The relevant points you're looking for are the percentiles:
% generate sample data
data = [randn(900,1) ; randn(50,1)*3 + 5; ; randn(50,1)*3 - 5];
subplot(121), hist(data)
subplot(122), boxplot(data)
% find 5th, 95th percentiles (range that contains 90% of the data)
limits = prctile(data, [5 95])
% find data in that range
reducedData = data(limits(1) < data & data < limits(2));
Other approachs exist to detect outliers, such as the IQR outlier test and the three standard deviation rule, among many others:
%% three standard deviation rule
z = 3;
bounds = z * std(data)
reducedData = data( abs(data-mean(data)) < bounds );
and
%% IQR outlier test
Q = prctile(data, [25 75]);
IQ = Q(2)-Q(1);
%a = 1.5; % mild outlier
a = 3.0; % extreme outlier
bounds = [Q(1)-a*IQ , Q(2)+a*IQ]
reducedData = data(bounds(1) < data & data < bounds(2));
BTW if you want to get the z value (|X|<z) that corresponds to 90% area under the curve, use:
area = 0.9; % two-tailed probability
z = norminv(1-(1-area)/2)
Maybe you should try mean value (in matlab: mean) and standard deviation (in matlab: std)?
What is the statistic distribution of your data?
See also this wiki page, section "Interpretation and application".
In general for almost every distribution, very useful Chebyshev's inequalities take place.
In most of the cases this should work:
meanval = mean(data)
stDev = std(data)
and probably the most (75%) of your values will be placed in range:
<meanVal - 2*stDev, meanVal + 2*stDev>
it seems like maybe you want to find the number x in [-24,24] that maximizes the number of sample points in [x,x+1.44]; probably the fastest way to do this involves a sort of the sample points, which is ultimately nlog(n) time; a cheesy approximation would be as follows:
brkpoints = linspace(-24,24-1.44,n_brkpoints); %choose n_brkpoints big, but < # of sample points?

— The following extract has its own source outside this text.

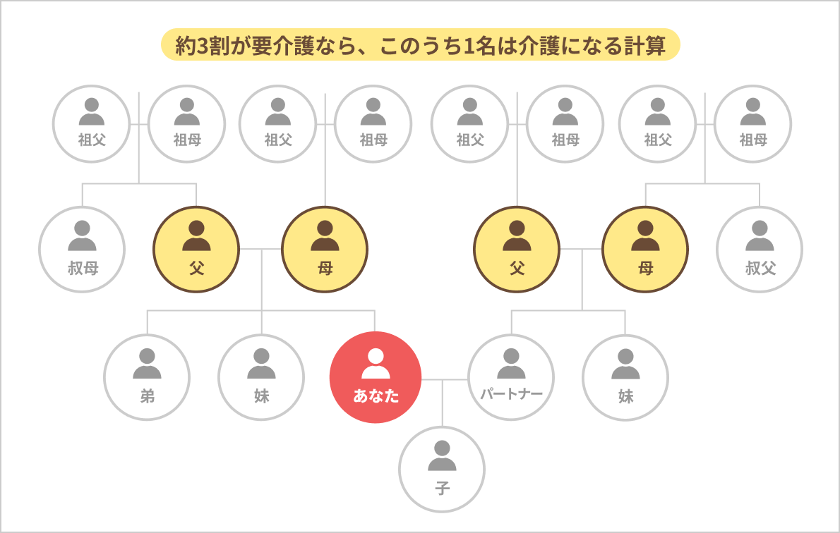 75歳以上になると大きく上がるのが要介護(要支援)認定の割合です。パートナーがいる方の場合は、自分とパートナーの親、祖父母、おじ・おばなど、介護に関わりうる方を家系図で書き出してみると、意外と介護はもうすぐそこかもしれない、ということがわかります。年齢や持病の有無、体調の様子などを書き出してみることがおすすめです。

n_count = histc(data,[brkpoints,inf]); %count # data points between breakpoints;
accbins = 1.44 / (brkpoints(2) - brkpoints(1); %# of bins to accumulate;
cscount = cumsum(n_count); %half of the boxcar sum computation;
boxsum = cscount - [zeros(accbins,1);cscount(1:end-accbins)]; %2nd half;
[dum,maxi] = max(boxsum); %which interval has the maximal # counts?
lorange = brkpoints(maxi); %the lower range;
hirange = lorange + 1.44
this solution does fudge some of the corner case stuff about the bottom and top bin, etc.
note that if you're going to go by the Chebyshev inequality route, Petunin's Inequality is probably applicable, and will give a slight boost.